We will use our getting-started guide as an example data pipeline. This will download data about airports and plane departures and do some calculations. Feel free to check out our guide for a step-by-step walkthrough on what it does.

Before jumping in, it should be mentioned that there are also many other methods to deploy SDLB in the cloud, e.g. using containers on Azure, Azure Kubernetes Service, Azure Synapse Clusters, Google Dataproc... The method described here provides the advantage of having many aspects taken care of by Databricks like Cluster management, Job scheduling and integrated data science notebooks. Also, the SDLB pipeline that is described here is just a simple example, focusing on the integration into the Databricks environment. For a detailed list of what SDLB can do, see Features.

Let's get started

  1. Databricks Setup
    Databricks accounts can be created in various ways. This guide has been tested using a Free Trial with the AWS backend. For this, we created an account using an email-address with Root User sign in. Then, we used the Workspace stack by using Quickstart as described in the documentation. Then, we simply launched the Workspace and can kept all default options.

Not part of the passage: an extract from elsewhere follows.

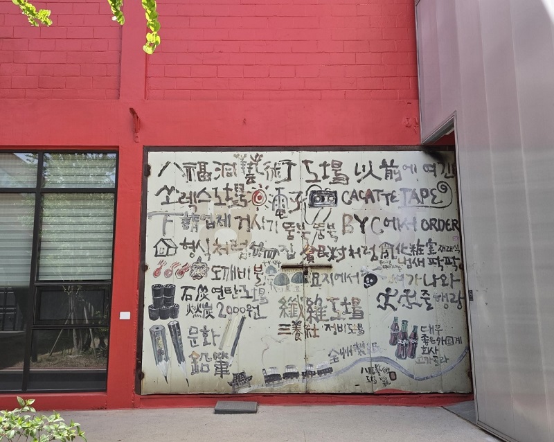 처음 눈에 들어온 것은 한문과 한글, 그림이 섞인 벽화였다. 무슨 뜻인지 정확히는 모르겠지만 이곳에 있으니 작품이겠지 하며 자세히 보니 쏘렉스란 단어가 보였다. 공장 이름이었다. 이 공장에 대한 이야기인 듯 하였다.

    Conceptually, there are no differences to the other providers. If you already have an Azure, AWS or Google Cloud account/subscription this can be used, otherwise you can register a trial subscription there.

  2. Cluster Setup
    In the Databricks UI, create a compute cluster. Pay attention to the following settings:

    • Databricks Runtime Version. This needs to match the Spark and Scala versions of SDLB. When writing this post, we used 15.4 LTS (includes Apache Spark 3.5.0, Scala 2.12), together with SDLB Version 2.7.1. Note that only the major and minor versions must match, patch versions can differ. For example, SDLB Version 2.7.1 uses Spark 3.5.2 with Scala 2.12.15. Alternatively, there are other SDLB builds for different Spark versions, see also Architecture for supported versions.

    • We want to use Java Version 17, which is not the default in Databricks as of December 2024. To use Java 17, do this: Under Advanced options in the Spark tab, add the following line to the Environment variables field:

      JNAME=zulu17-ca-amd64
  3. Catalog Setup
    Setup a Catalog to store our data.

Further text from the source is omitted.